_Exercise goal_
Please keep the pictures out and write out exactly the lines from the first in the data below through the one containing "悍高(HIGOLD)淋浴花洒 四功能数显花洒套装浴室枪灰色家用明装淋浴套装 四功能天瀑增压花洒(枪灰色)", both included.

_Source data_
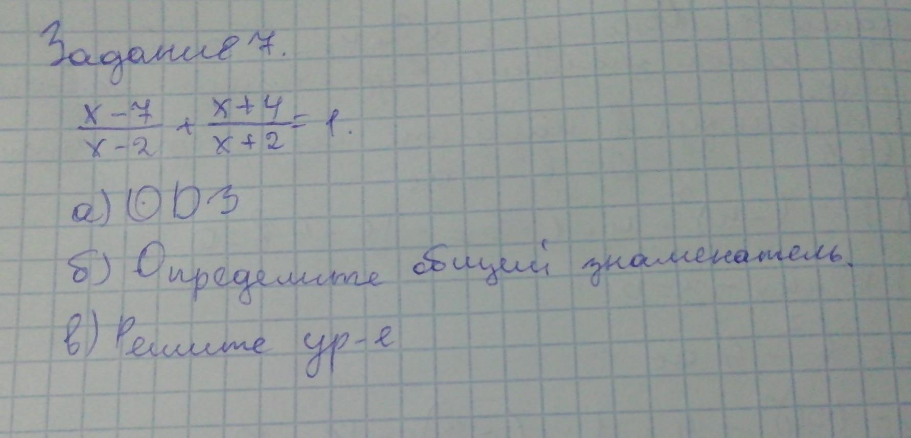 \displaystyle\bf\\\frac{x-7}{x-2}+ \frac{x+4}{x+2} =1\\\\1) \  \ ODZ \ : \  \ x\neq 2 \  \ ; \  \ x\neq -2\\\\2) \  \ (x-2)(x+2)\\\\3)\\\\\frac{x-7}{x-2}+ \frac{x+4}{x+2} =1\\\\\\\frac{x-7}{x-2}+ \frac{x+4}{x+2} -1=0\\\\\\\frac{(x-7)\cdot(x+2)+(x+4)\cdot(x-2)-(x-2)\cdot(x+2)}{(x-2)(x+2)} =0\\\\\\\frac{x^{2} +2x-7x-14+x^{2} -2x+4x-8-x^{2} +4}{(x-2)(x+2)} =0\\\\\\\frac{x^{2} -3x-18}{(x-2)(x+2)} =0\\\\\\x^{2} -3x-18=0\\\\D=(-3)^{2} -4\cdot(-18)=9+72=81=9^{2}
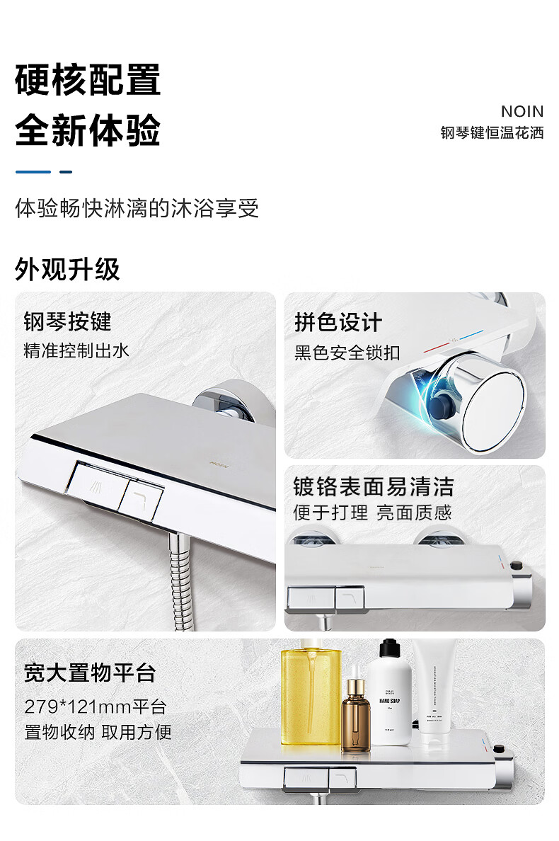 悍高(HIGOLD)淋浴花洒 四功能数显花洒套装浴室枪灰色家用明装淋浴套装 四功能天瀑增压花洒(枪灰色)
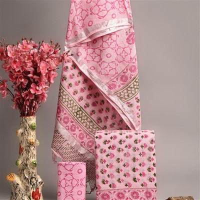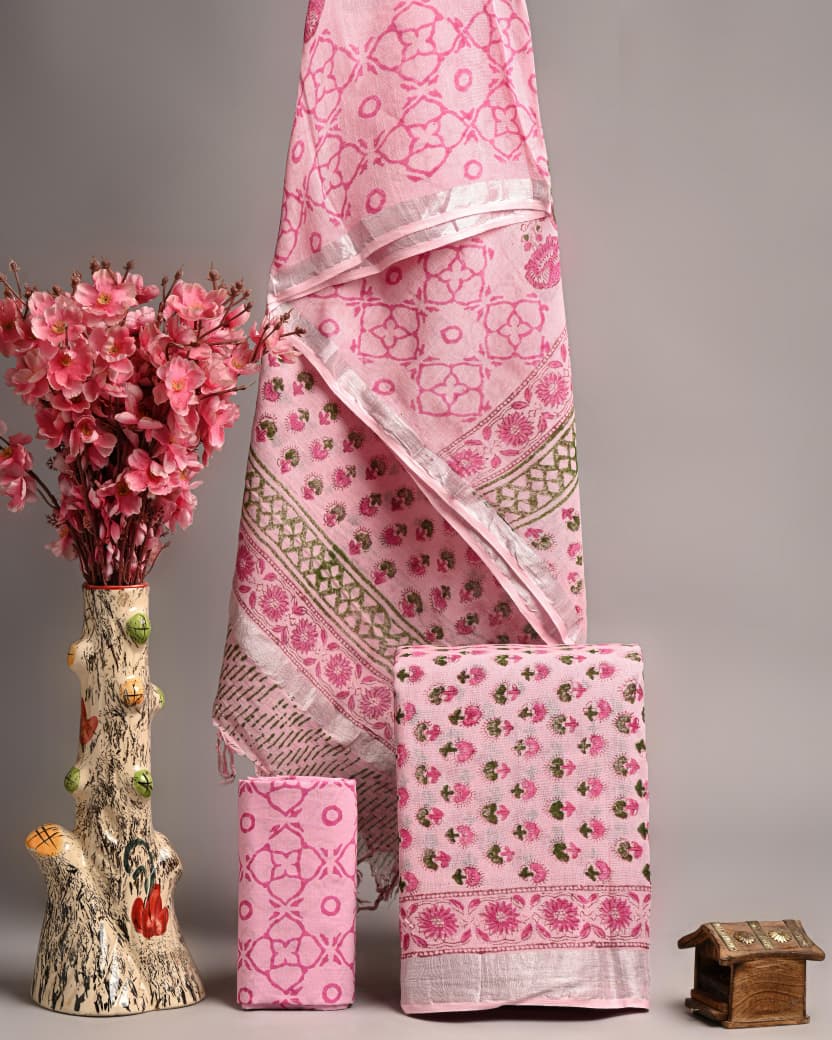 Indulge in the timeless elegance of Bagru Hand Block Printed Linen Cotton Suit Set from Blockart. This artisanal ensemble features intricate hand block prints on high-quality Linen Cotton fabric, offering both style and comfort. The set includes a top, dupatta, and bottom, each showcasing a harmonious blend of floral and geometric patterns. Elevate your ethnic wardrobe with this premium, handcrafted creation that reflects the rich heritage of Indian craftsmanship.
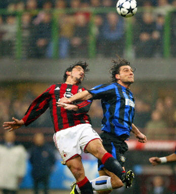本場比賽,AC米蘭隊隊長馬爾蒂尼因禁賽未能上場,卡福擔(dān)當(dāng)防守重任。AC米蘭隊開局打得不錯,但首先破門得分的卻是國米隊。塞黑球員斯坦科維奇發(fā)出的角球直接飛入球門遠角。兩分鐘后扎內(nèi)蒂25米外起腳勁射破門。上半場國米隊已經(jīng)確立了兩球的優(yōu)勢,看到了勝利的曙光。
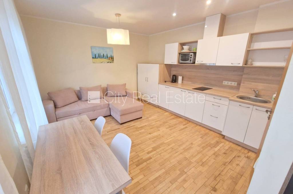 Latvia, Riga, Berzaunes street. Front building, renovated building, indoor courtyard, parking place, entrance from courtyard, staircase after capital renovation, windows are located on courtyard side, wide view from the window, studio-type kitchen combined with living room, central heating system, plastic glass windows, painted walls, new plumbing, laminate flooring, bathroom with WC, shower stall, toilet, build in kitchen unit, pullout corner sofa, table, chairs, wardrobe, refrigerator, electric range, steam sip-off machine, microwave , washing machine, locked staircase, for rent with all in pictures visible equipment, for one year, for two years, possibility to extend lease agreement, available, by signing rental agreement you have to pay for the first rent month as well as you have to pay guaranty deposit, if you choose this real estate, you have to pay agency transaction commission which is equal with one half (50%) of this real estate month rental payment, CITY REAL ESTATE ID - 517851
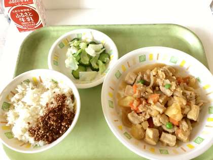 今日の給食は、五分づきごはん、かつおでんぶ、肉じゃがうま煮、野菜のひとしお、牛乳です。
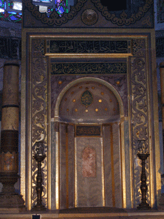 Inside the Hagai Sophia. The Mural to the right looks the same as one in Cappodocia and this is apparently a remake of Cappadocian original.
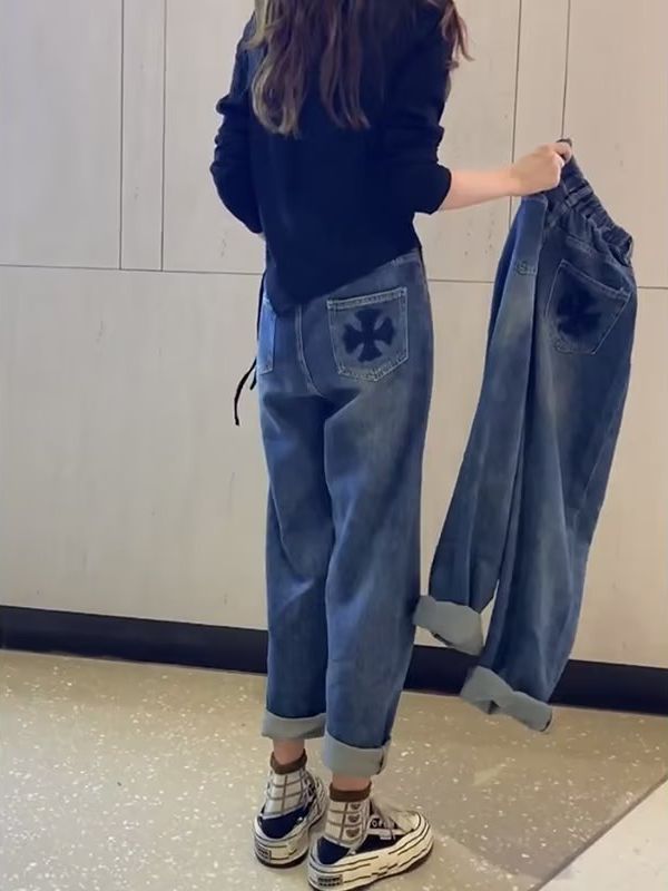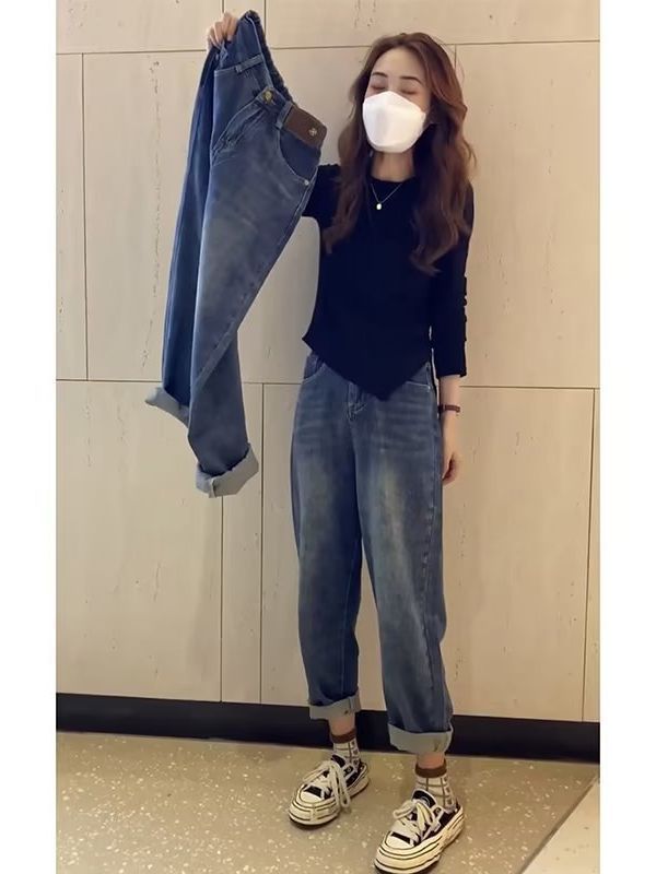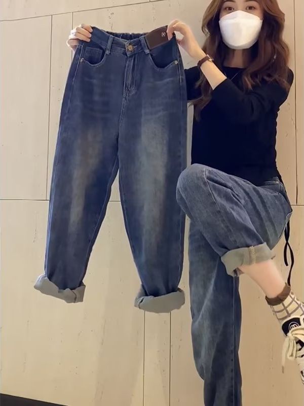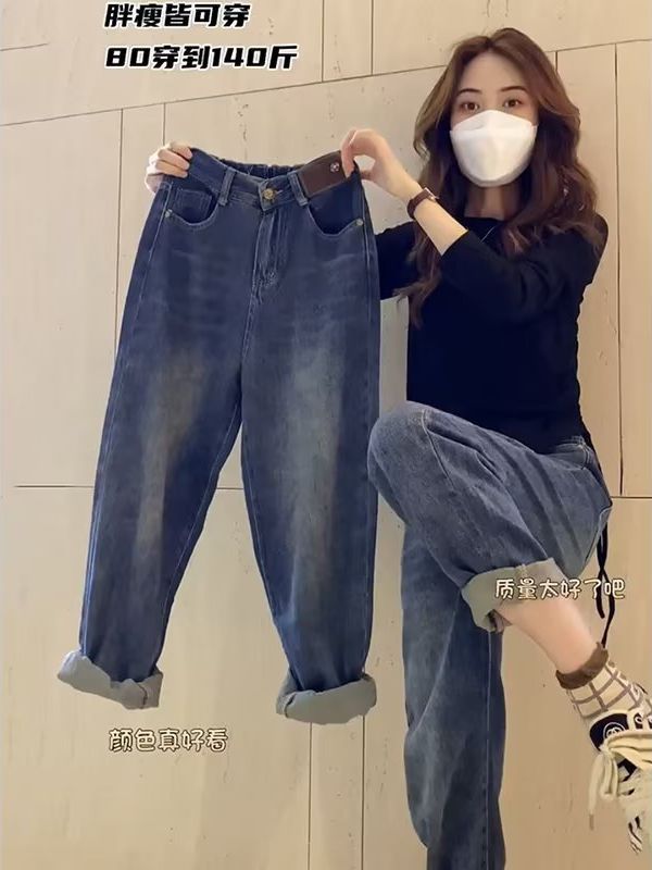 Главная страница > Большой размер толстая сестра с высокой талией прямые джинсы женские весенние и осенние свободные тонкие повседневные дикие брюки из редьки Харуна
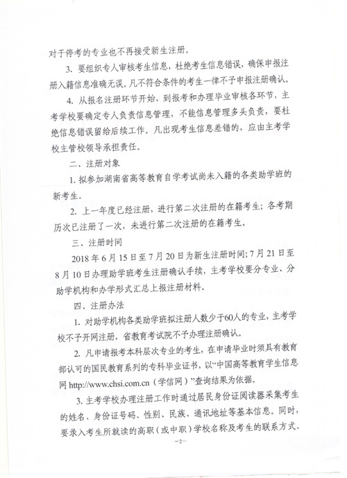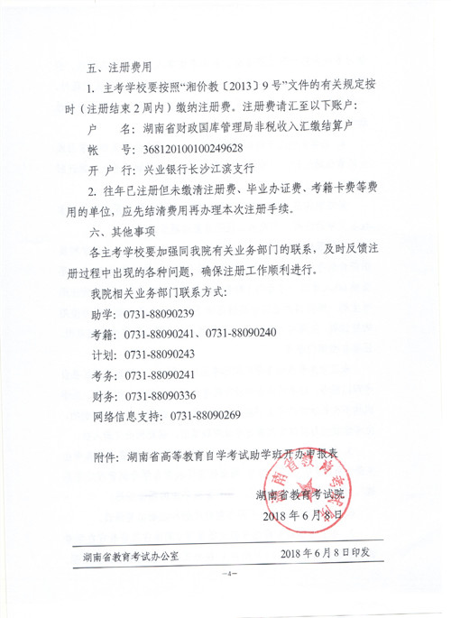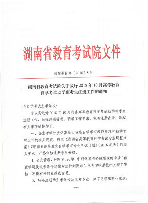 湖南省教育考试院关于做好2018年10月高等教育自学考试助学班考生注册工作的通知
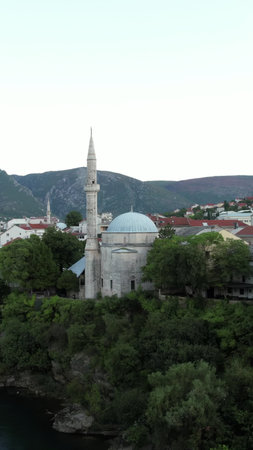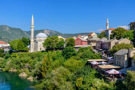 Mostar, Bosnia and Herzegovina – August 17, 2022: View of historic buildings, mosque minarets and the Neretva river in the old town of Mostar.

_Solution to the exercise_
 \displaystyle\bf\\\frac{x-7}{x-2}+ \frac{x+4}{x+2} =1\\\\1) \  \ ODZ \ : \  \ x\neq 2 \  \ ; \  \ x\neq -2\\\\2) \  \ (x-2)(x+2)\\\\3)\\\\\frac{x-7}{x-2}+ \frac{x+4}{x+2} =1\\\\\\\frac{x-7}{x-2}+ \frac{x+4}{x+2} -1=0\\\\\\\frac{(x-7)\cdot(x+2)+(x+4)\cdot(x-2)-(x-2)\cdot(x+2)}{(x-2)(x+2)} =0\\\\\\\frac{x^{2} +2x-7x-14+x^{2} -2x+4x-8-x^{2} +4}{(x-2)(x+2)} =0\\\\\\\frac{x^{2} -3x-18}{(x-2)(x+2)} =0\\\\\\x^{2} -3x-18=0\\\\D=(-3)^{2} -4\cdot(-18)=9+72=81=9^{2}
 悍高(HIGOLD)淋浴花洒 四功能数显花洒套装浴室枪灰色家用明装淋浴套装 四功能天瀑增压花洒(枪灰色)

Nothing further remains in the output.